Make sure the Npcap Packet Driver has a binding to the NIC in question (checkmark is present)

Step 3

Check if the network driver is installed

C:\Windows\system32>pnputil -e | findstr Nmap
Driver package provider : Nmap Project

Step 4

Check if the driver service is installed and RUNNING

C:\Windows\system32>sc query npcap
SERVICE_NAME: npcap
         TYPE : 1 KERNEL_DRIVER
         STATE : 4 RUNNING

Step 5

Check if the registry entry is there (used by the agent to verify Npcap exists already)

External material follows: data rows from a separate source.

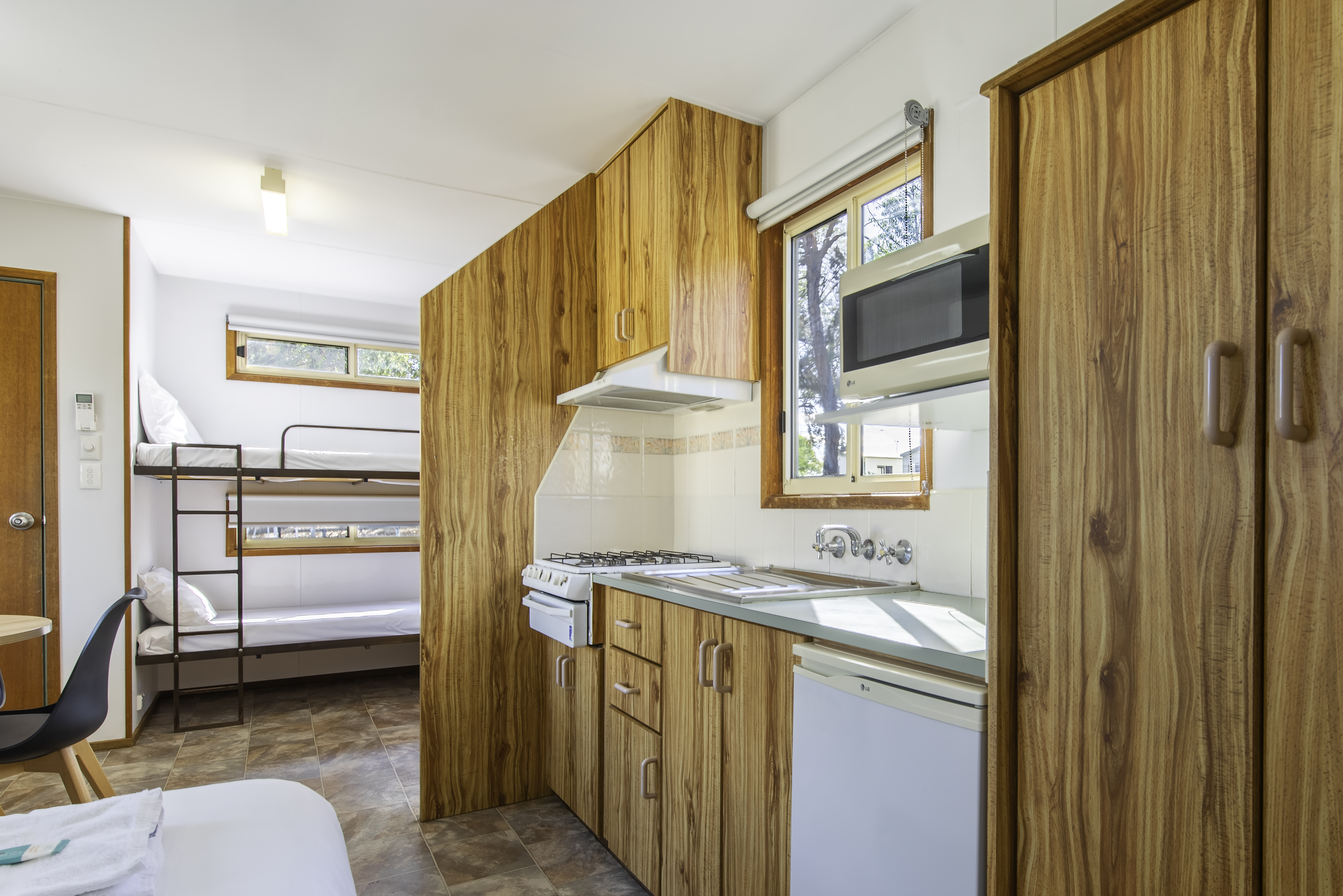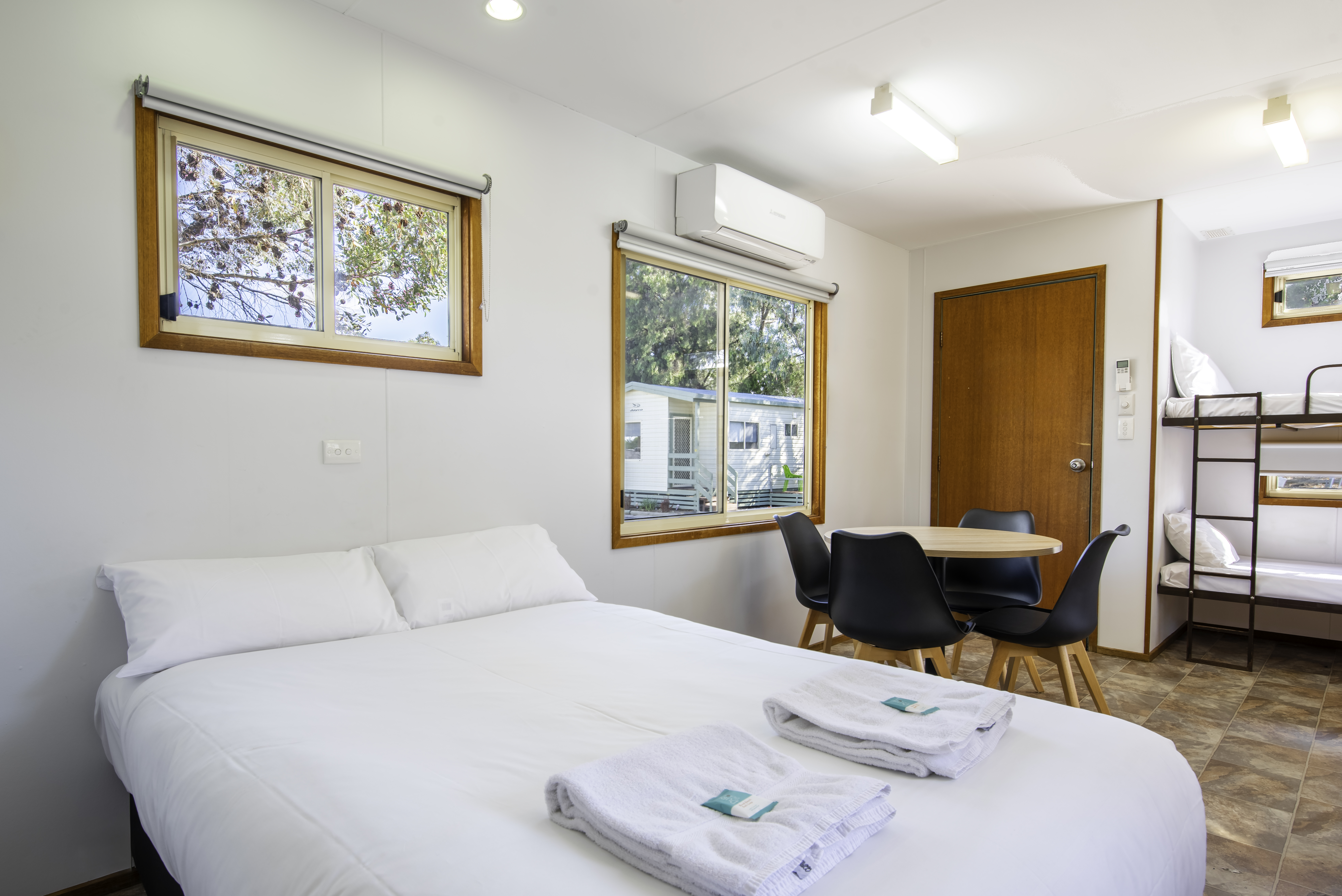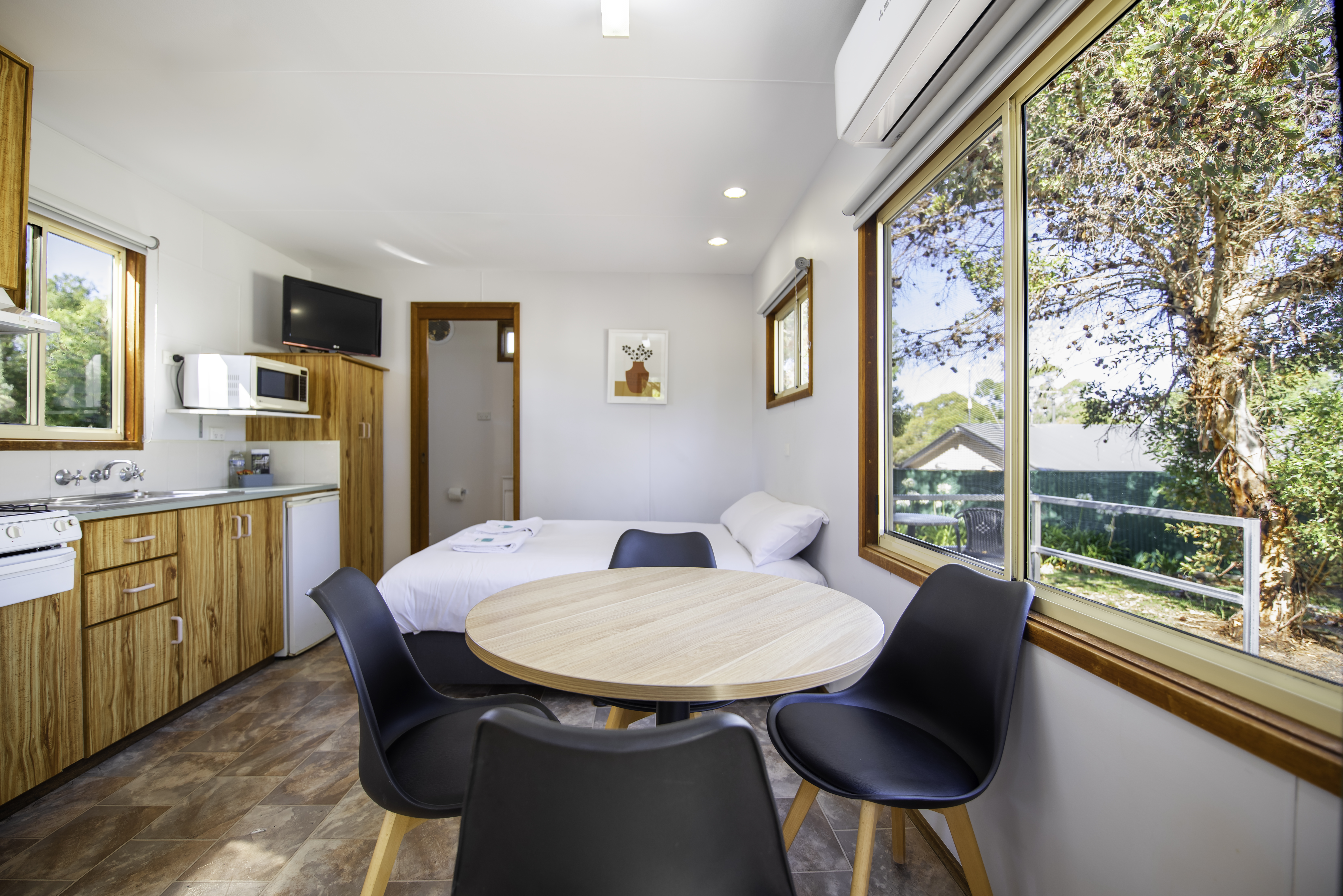 Centrally located within our Park these studio style cabins offer a peaceful spot for those seeking simplicity in their holiday. Each cabin features 1 double bed and 2 single beds in bunks, linen provided. The bathroom contains free toiletries, toilet, shower and towels. The living area contains a dining table, TV and reverse cycle A/C. The kitchenette contains a microwave, kitchenware, mini refrigerator, electric kettle, hotplate and toaster. Book now for a serene and simple retreat!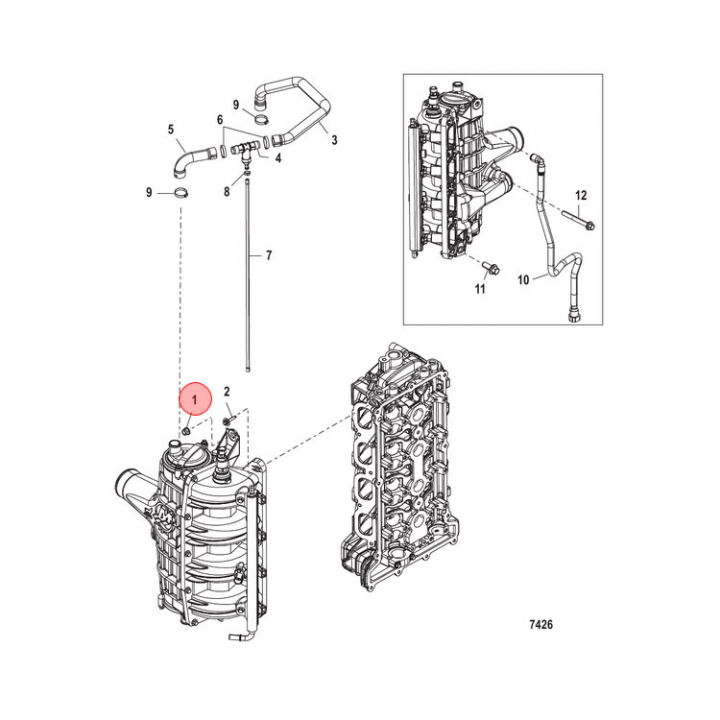 Mutter (826292) till olika användningsområden på Mercury/Mariner 30-40, 50-60, 75-125, 135-200, 225-400 hk utombordare och Mercruiser 8.1/8.2L V8 inombordare.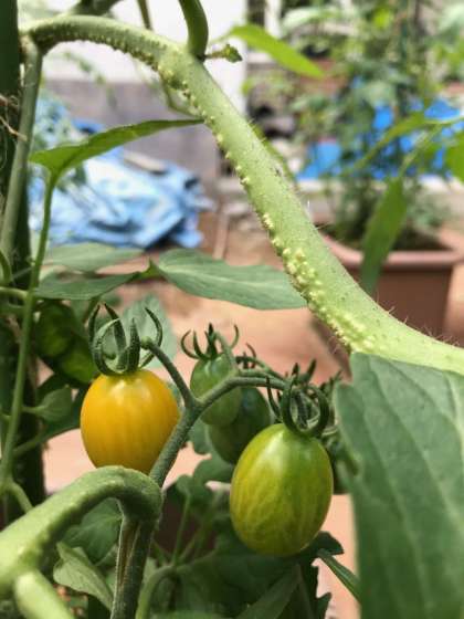 植えつけた時に緑の小さな果実だったものが、黄色くなってきました。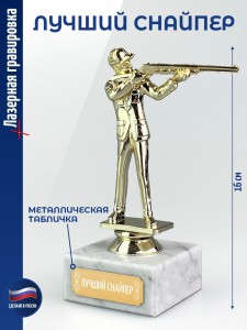 Наградная статуэтка «Стрелок с ружьем» - используется для вручения участникам соревнований, признавая достижения как новичков, так и опытных тренеров и ветеранов.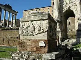 The Five-Columns monument is most widely recognized for its only preserved marble plinth, called the decennalia base. With relief carvings of ceremonial and ritual scenes on all four sides,[3][1] this column base was uncovered in 1547 and now stands close to the findspot.[4] The side with the decennalia inscription, from which the base name derives, is agreed to have been the most prominent side of the plinth. As for the other three sides, scholars vary in the order of their descriptions. Together, these reliefs represent the rites involved with taking vows for another decade of Tetrarchic reign.[6][4] Some scholars have observed a sequence among the panel reliefs in which the animals are being led toward the sacrificial altar, with the imperial procession also heading for the altar scene.[6]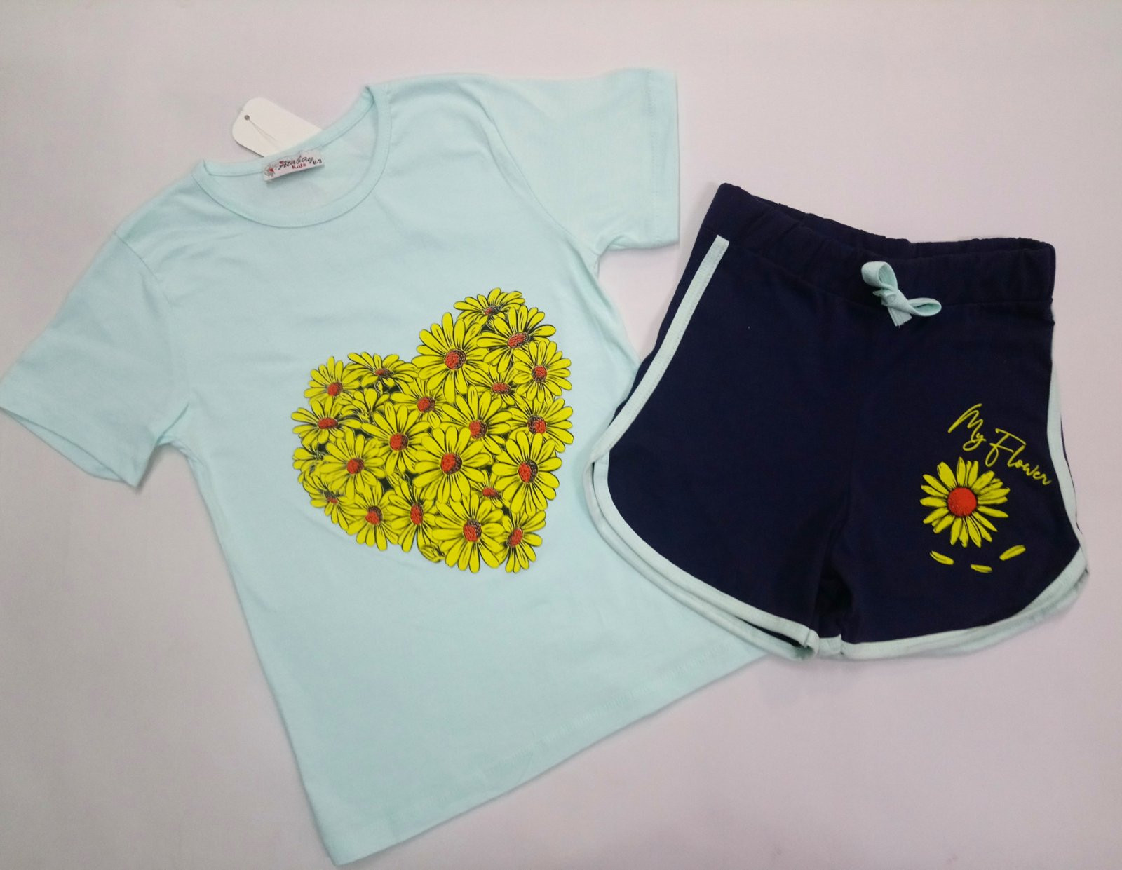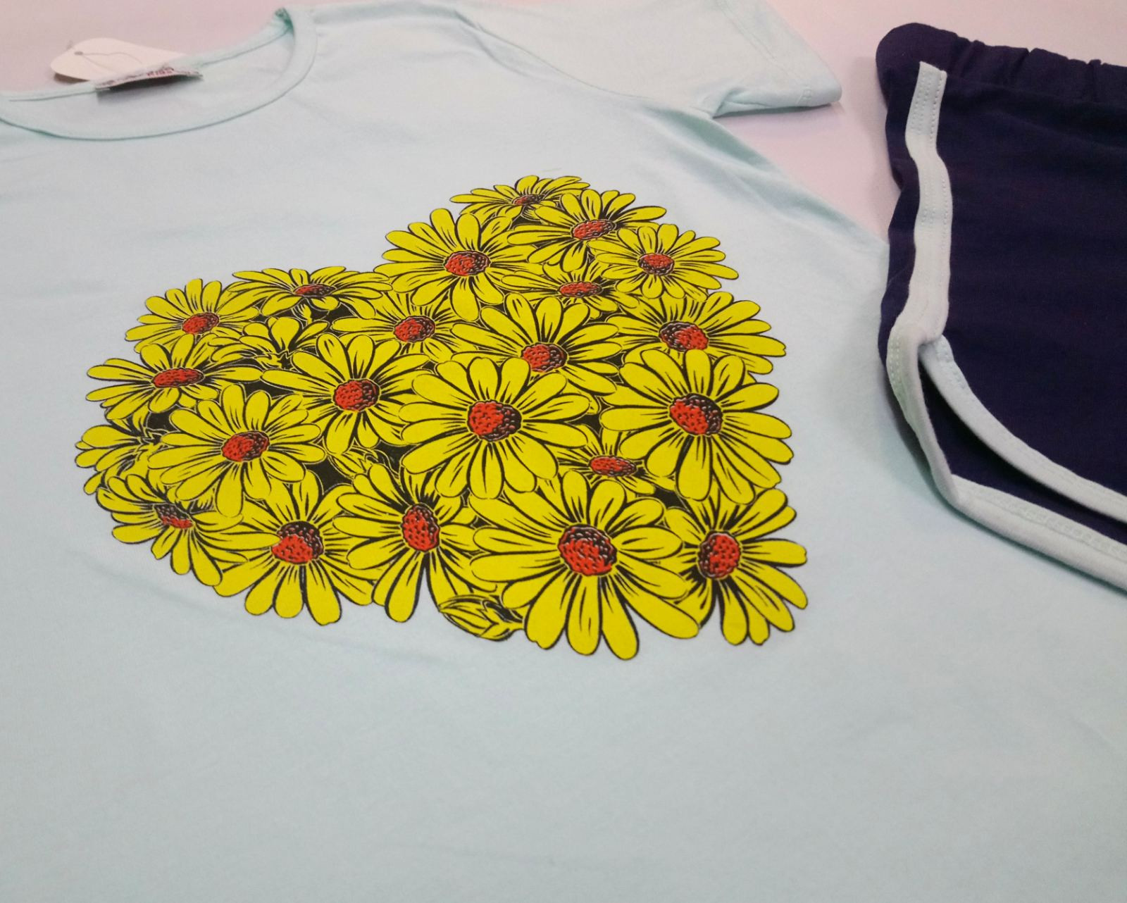 Стильний , літній комплект з шортами подсолнухи блакитний
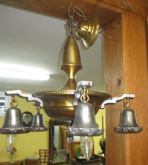 Plafonnier 5 branches en brasse et 5 branches en mtal argenté. 18" de diamètre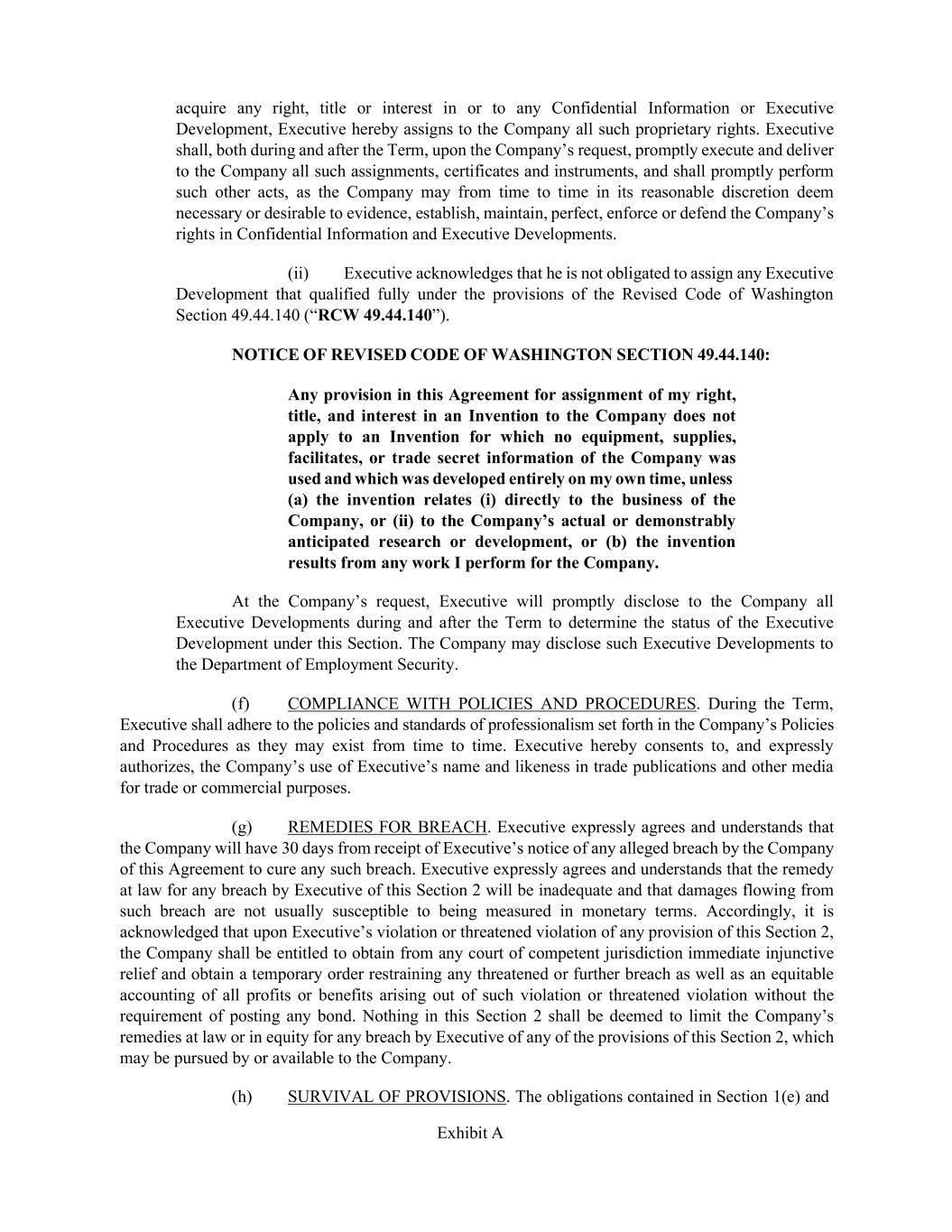 Exhibit A acquire any right, title or interest in or to any Confidential Information or Executive Development, Executive hereby assigns to the Company all such proprietary rights. Executive shall, both during and after the Term, upon the Company’s request, promptly execute and deliver to the Company all such assignments, certificates and instruments, and shall promptly perform such other acts, as the Company may from time to time in its reasonable discretion deem necessary or desirable to evidence, establish, maintain, perfect, enforce or defend the Company’s rights in Confidential Information and Executive Developments. (ii) Executive acknowledges that he is not obligated to assign any Executive Development that qualified fully under the provisions of the Revised Code of Washington Section 49.44.140 (“RCW 49.44.140”). NOTICE OF REVISED CODE OF WASHINGTON SECTION 49.44.140: Any provision in this Agreement for assignment of my right, title, and interest in an Invention to the Company does not apply to an Invention for which no equipment, supplies, facilitates, or trade secret information of the Company was used and which was developed entirely on my own time, unless (a) the invention relates (i) directly to the business of the Company, or (ii) to the Company’s actual or demonstrably anticipated research or development, or (b) the invention results from any work I perform for the Company. At the Company’s request, Executive will promptly disclose to the Company all Executive Developments during and after the Term to determine the status of the Executive Development under this Section. The Company may disclose such Executive Developments to the Department of Employment Security. (f) COMPLIANCE WITH POLICIES AND PROCEDURES. During the Term, Executive shall adhere to the policies and standards of professionalism set forth in the Company’s Policies and Procedures as they may exist from time to time. Executive hereby consents to, and expressly authorizes, the Company’s use of Executive’s name and likeness in trade publications and other media for trade or commercial purposes. (g) REMEDIES FOR BREACH. Executive expressly agrees and understands that the Company will have 30 days from receipt of Executive’s notice of any alleged breach by the Company of this Agreement to cure any such breach. Executive expressly agrees and understands that the remedy at law for any breach by Executive of this Section 2 will be inadequate and that damages flowing from such breach are not usually susceptible to being measured in monetary terms. Accordingly, it is acknowledged that upon Executive’s violation or threatened violation of any provision of this Section 2, the Company shall be entitled to obtain from any court of competent jurisdiction immediate injunctive relief and obtain a temporary order restraining any threatened or further breach as well as an equitable accounting of all profits or benefits arising out of such violation or threatened violation without the requirement of posting any bond. Nothing in this Section 2 shall be deemed to limit the Company’s remedies at law or in equity for any breach by Executive of any of the provisions of this Section 2, which may be pursued by or available to the Company. (h) SURVIVAL OF PROVISIONS. The obligations contained in Section 1(e) and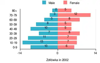 According to the 2002 Poland census, there were 132 people residing in Zofiówka village, of whom 52.3% were male and 47.7% were female. In the village, the population was spread out, with 22.7% under the age of 18, 35.6% from 18 to 44, 16.7% from 45 to 64, and 25% who were 65 years of age or older.[1]

C:\Windows\system32>reg query HKLM\software\wow6432node\npcap
HKEY_LOCAL_MACHINE\software\wow6432node\npcap
          AdminOnly REG_DWORD 0x1
          WinPcapCompatible REG_DWORD 0x0
         (Default) REG_SZ C:\Program Files\Npcap

Step 6

Check if the installed Npcap program files are all there

C:\Windows\system32>dir "c:\program files\npcap"
 Directory of c:\program files\npcap
04/29/2020 02:42 PM <DIR> .
04/29/2020 02:42 PM <DIR> ..
01/22/2019 08:16 AM 868 CheckStatus.bat
11/29/2016 03:43 PM 1,034 DiagReport.bat
12/04/2018 11:12 PM 8,908 DiagReport.ps1
01/09/2019 09:22 PM 2,959 FixInstall.bat
04/29/2020 02:42 PM 134,240 install.log
01/11/2019 08:52 AM 9,920 LICENSE
03/14/2019 08:59 PM 10,434 npcap.cat
03/14/2019 08:57 PM 8,657 npcap.inf
03/14/2019 09:00 PM 74,040 npcap.sys
03/14/2019 08:57 PM 2,404 npcap_wfp.inf
03/14/2019 09:00 PM 270,648 NPFInstall.exe
04/29/2020 02:42 PM 107,783 NPFInstall.log
03/14/2019 09:01 PM 175,024 Uninstall.exe
         13 File(s) 806,919 bytes
          2 Dir(s) 264,417,628,160 bytes free

Step 7

Check to see if the .sys driver file is in the Windows driver folder

C:\Windows\system32>dir "C:\Windows\System32\Drivers\npcap.sys"
Directory of C:\Windows\System32\Drivers
03/14/2019 09:00 PM 74,040 npcap.sys
                  1 File(s) 74,040 bytes

Network Connectivity issues during NPCAP installation or upgrade

Applicable to Windows 2016 Only

If you have a 3rd party LWF (Light Weight Filter) driver (e.g. netmon) or a teaming adapter is configured in your setup, and NPCAP is installed during agent deployment, you might experience

RDP is reconnected

NetBios service is restarted

Similar network connectivity issues

This is due to a BUG in Windows 2016 OS

NIC teaming compatibility issues with NPCAP

Teaming NIC functionality is based on underneath Physical NICs (Intel, Broadcom, Realtek, MS virtual adapter etc) and Teaming driver configuration (switch based, loadbalancing or failover, algorithm to distribute the packets across multiple NICs).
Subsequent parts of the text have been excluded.